Sempebwa was invited to the Justice Bamugemeriere lands Inquiry to share some of the findings of his commission whose reference also related to the land question.
He says the Constitution as it is now cannot allow protects individuals from surrendering to government without prompt and adequate compensation.
The government during the Constitutional Review Commission in 2001 had made suggestions about the need for it to acquire land for investors from individuals holding large chunks of land.
It then wanted the land for commercial farming and investors. Sempebwa says his commission in a report submitted in 2003 advised against the government’s suggestion.
He says he does not see what the government would put in place in case parliament removed the compensation and prompt payment article in the constitution.
He wondered what the constitution stand would be like in the event that the article was removed from the constitution.
Professor Sempebwa, was one of the Odoki Commission that gathered views for the 1995 constitution.
He says while the debate on land may have changed now, the issues of adequate and prompt compensation may still remain strong or even stronger given the changing value of land as a commercial commodity.
Professor Sempebwa says the situation is not always that the one acquiring land offers fair compensation. He says the land acquisition process will always have some disputes.
The Land Inquiry commission is also probing into how to address the historical injustice over land in Buganda and Bunyoro.
Sempewa says the government’s main pursuit in resolving the land question has been to address historical injustices. But he says there should be other matters that should be taken care off. He believes the debate over historical injustices is decreasing in relevance.
He says land should be addressed in the context of a highly marketable commodity policy whose tenure system should be informed by the national policy for optimal use of land.
Sempewa says it is high time for the county to look at equity to both the landlord and the occupant in case of the mailo land tenure system rather than simply dealing with historical injustices.
He said what should pursued is to have the occupant to pursue the mail interest through consensual means or adjudicated means in case the consensual means failed.
Sempebwa suggests the situation would be different in the case of land held in trust of the people of Buganda by the Kabaka.
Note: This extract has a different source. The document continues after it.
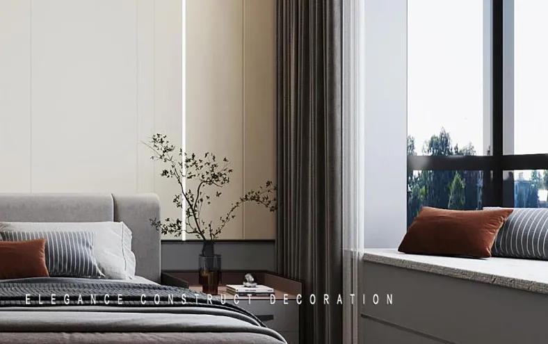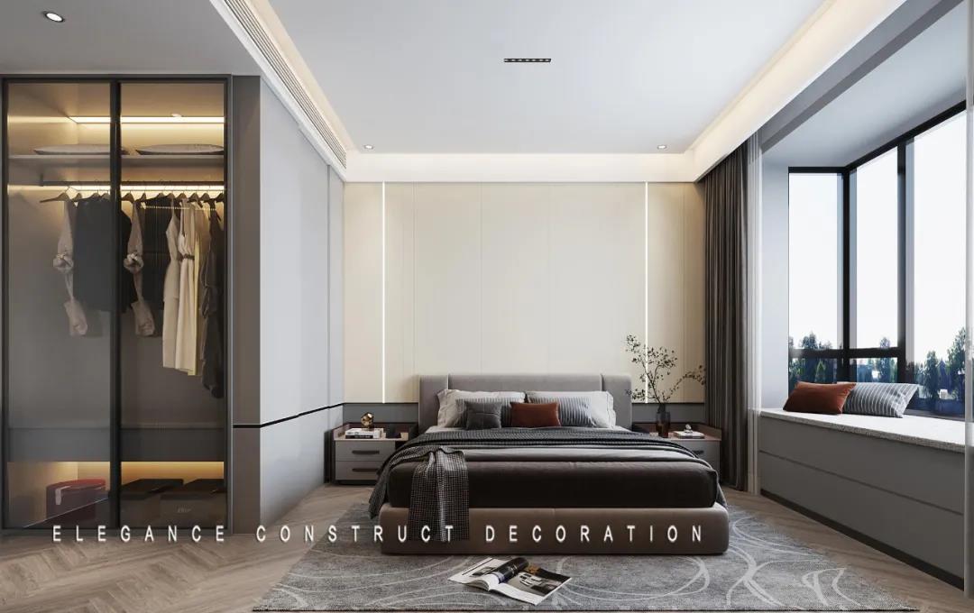 臥室的設計,遵循“少即是多”的裝飾原則。軟裝和燈光的配合相得益彰,營造一個舒緩靜謐的睡眠環(huán)境。主臥的收納柜采用磨砂材質(zhì),給予居住者更強的舒適感和安全感。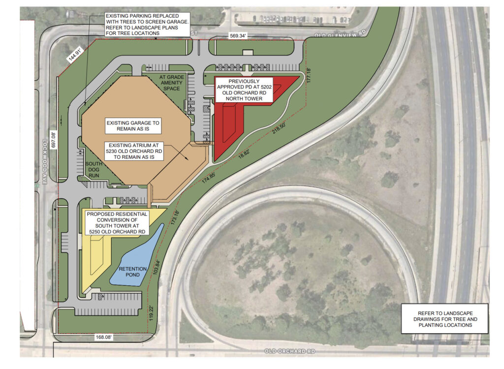 The Village Board originally voted in April 2024 to approve a petition from a different developer, Zeller OOT, to convert the two mostly vacant seven-story office buildings at 5202 and 5250 Old Orchard Road into an apartment complex with 245 units.

The commission has in the past two week heard from several witnesses that the cause of the current land strife is a result of the fact that landlords are forced to take uneconomic rent.
Sempebwa told the commission that the uneconomic rent was also the cause of grievance during the Constitution Review Commission in 2001.
He suggests the need to review the issue of uneconomic nominal ground rent in Buganda if in order to resolve the current strife.
The Constitutional Review Commission report in 2003 had suggested that the rate should be commensurate with value and user but that was not taken into account when the law was amended in 2010.
The other issue that has come up relates to whether Uganda can do away with the several land tenure systems and adopt one across the entire country. One of the witnesses suggested that it could take over three hundred years for Uganda to revert to a single and tenure system.
Sempebwa is of the view that if the country adopts a land plan with in the land policy, it could be speeded up. He says the land planning currently has not taken into consideration how land is to be utilized.
He says the land plan in Uganda like in Vietnam could set the minimum holding for that land.